### Task material
──────
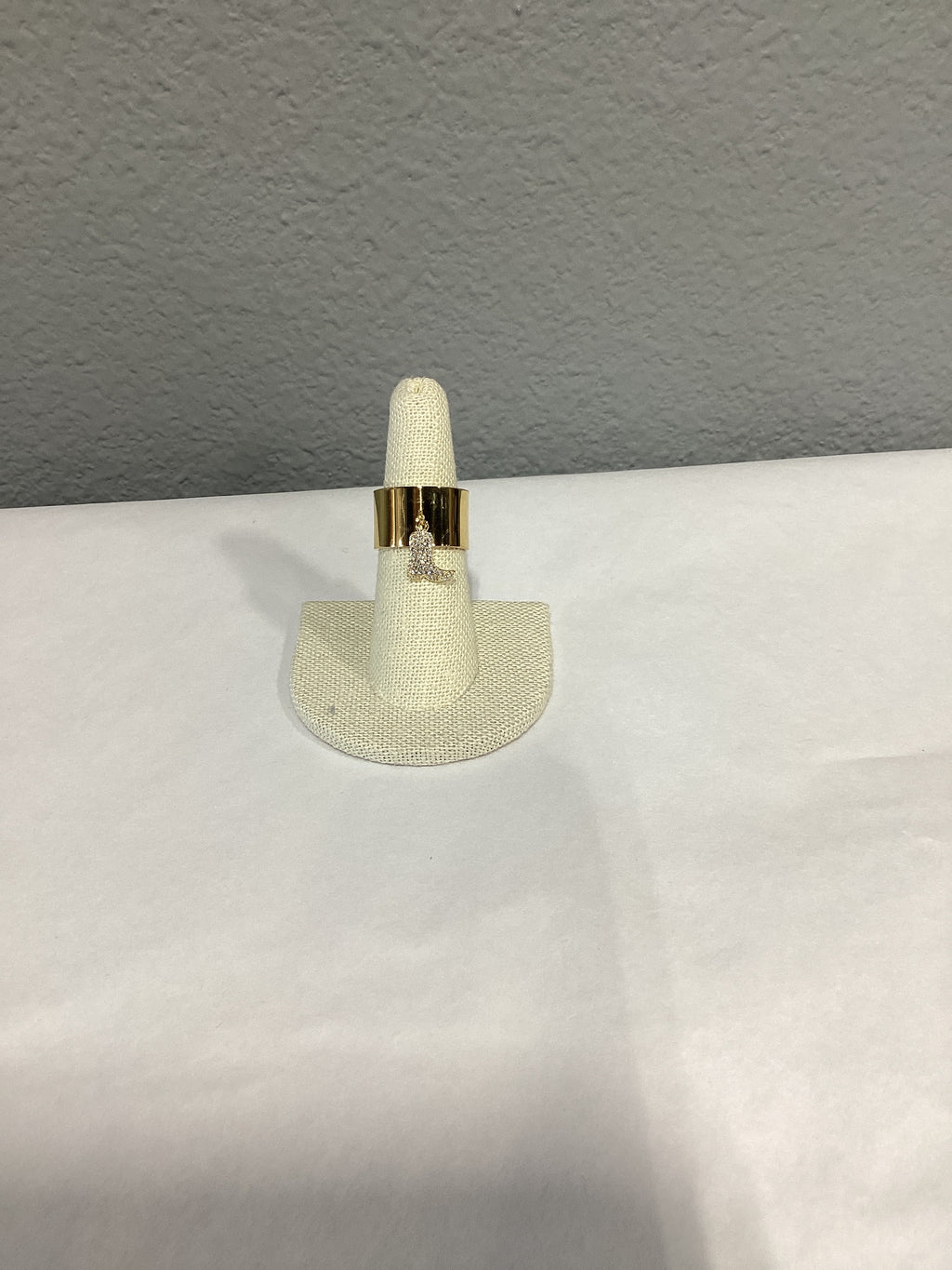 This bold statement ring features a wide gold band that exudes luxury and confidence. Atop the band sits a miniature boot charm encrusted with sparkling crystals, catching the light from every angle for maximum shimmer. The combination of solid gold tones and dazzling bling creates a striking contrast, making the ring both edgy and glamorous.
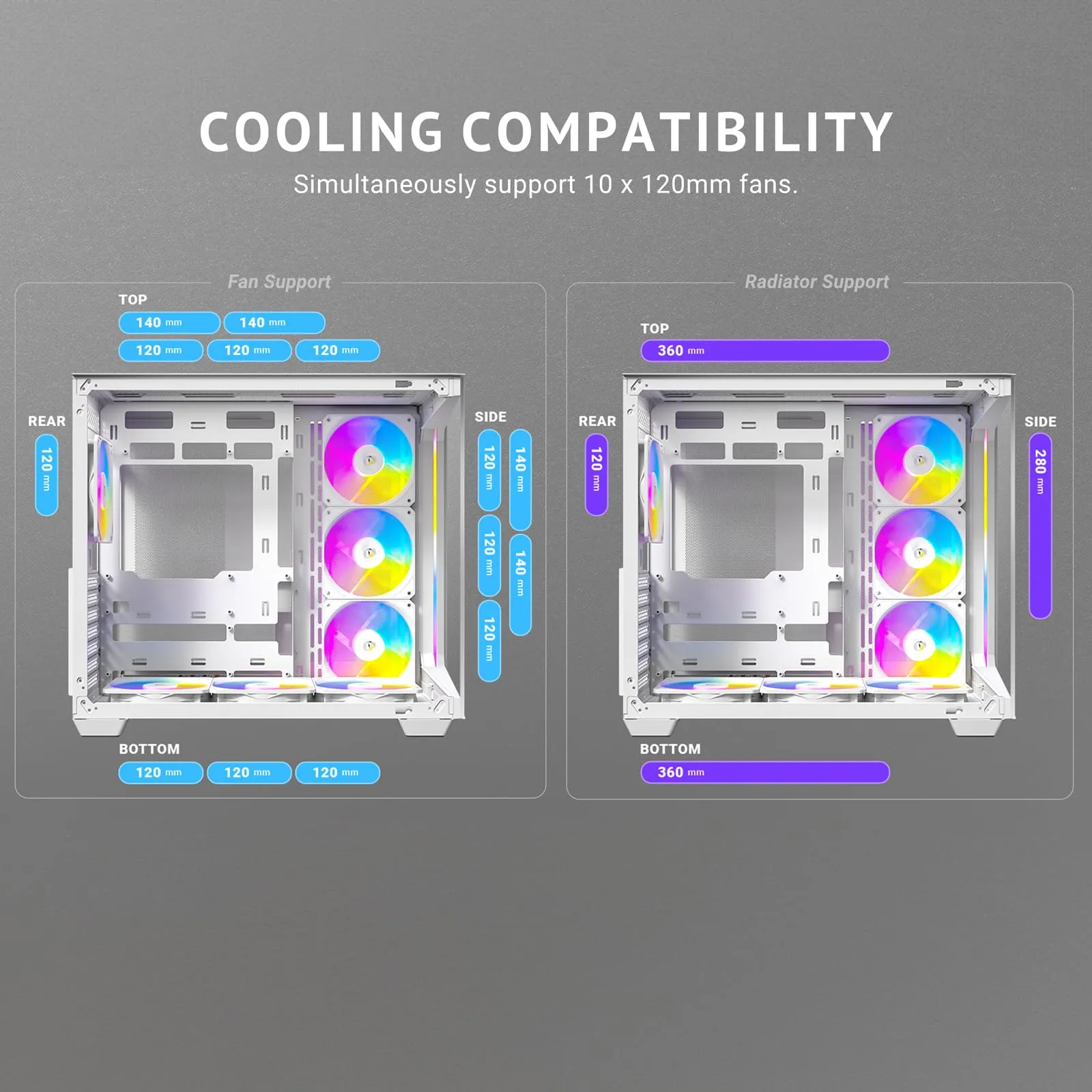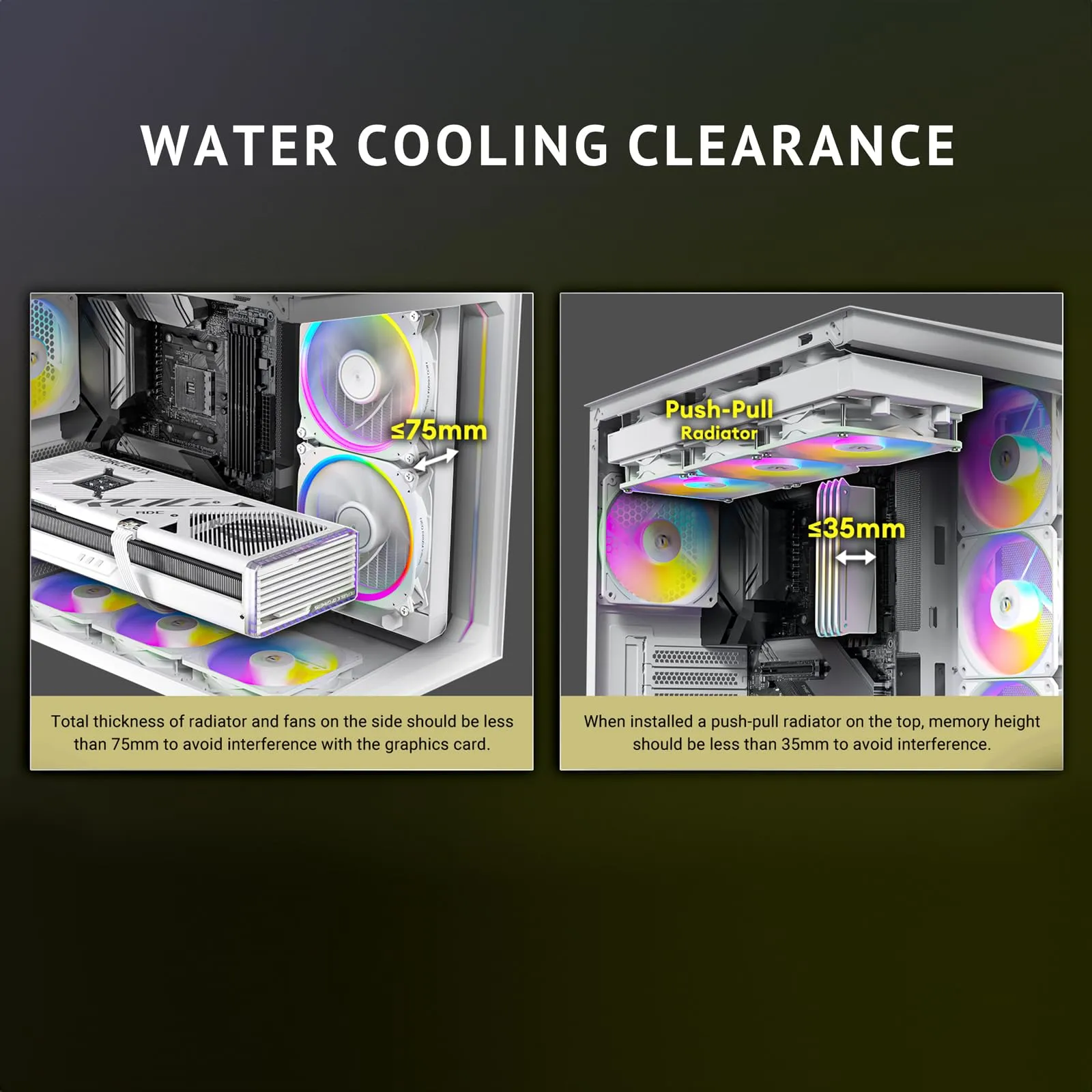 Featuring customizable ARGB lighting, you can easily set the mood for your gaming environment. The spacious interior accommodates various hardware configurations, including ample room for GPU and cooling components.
──────
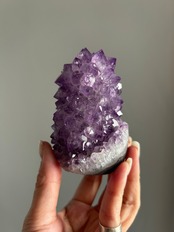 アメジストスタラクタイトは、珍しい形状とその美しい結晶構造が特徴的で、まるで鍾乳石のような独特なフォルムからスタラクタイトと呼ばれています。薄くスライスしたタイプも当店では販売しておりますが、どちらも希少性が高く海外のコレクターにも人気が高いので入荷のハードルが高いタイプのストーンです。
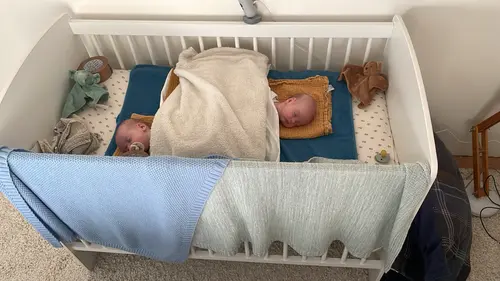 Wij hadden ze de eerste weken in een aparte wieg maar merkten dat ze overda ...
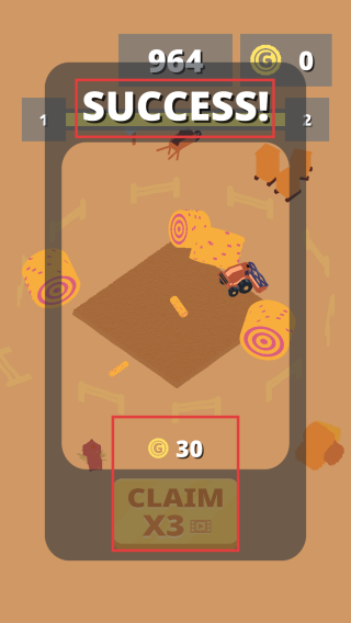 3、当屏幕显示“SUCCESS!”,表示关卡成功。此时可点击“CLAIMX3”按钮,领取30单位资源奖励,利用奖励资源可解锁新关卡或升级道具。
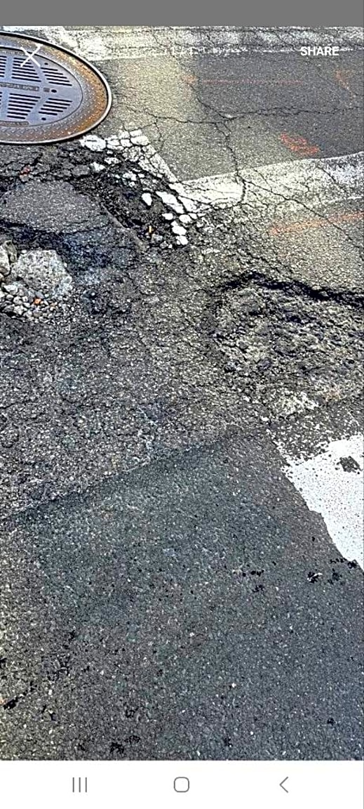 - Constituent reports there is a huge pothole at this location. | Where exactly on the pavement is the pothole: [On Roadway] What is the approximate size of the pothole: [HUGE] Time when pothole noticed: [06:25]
──────
### Task instructions
Range to copy from the listing above: the line with "アメジストスタラクタイトは、" through the line with "- Constituent reports". Transcribe it exactly and skip the pictures.

### Solution to the problem
 アメジストスタラクタイトは、珍しい形状とその美しい結晶構造が特徴的で、まるで鍾乳石のような独特なフォルムからスタラクタイトと呼ばれています。薄くスライスしたタイプも当店では販売しておりますが、どちらも希少性が高く海外のコレクターにも人気が高いので入荷のハードルが高いタイプのストーンです。
 Wij hadden ze de eerste weken in een aparte wieg maar merkten dat ze overda ...
 3、当屏幕显示“SUCCESS!”,表示关卡成功。此时可点击“CLAIMX3”按钮,领取30单位资源奖励,利用奖励资源可解锁新关卡或升级道具。
 - Constituent reports there is a huge pothole at this location. | Where exactly on the pavement is the pothole: [On Roadway] What is the approximate size of the pothole: [HUGE] Time when pothole noticed: [06:25]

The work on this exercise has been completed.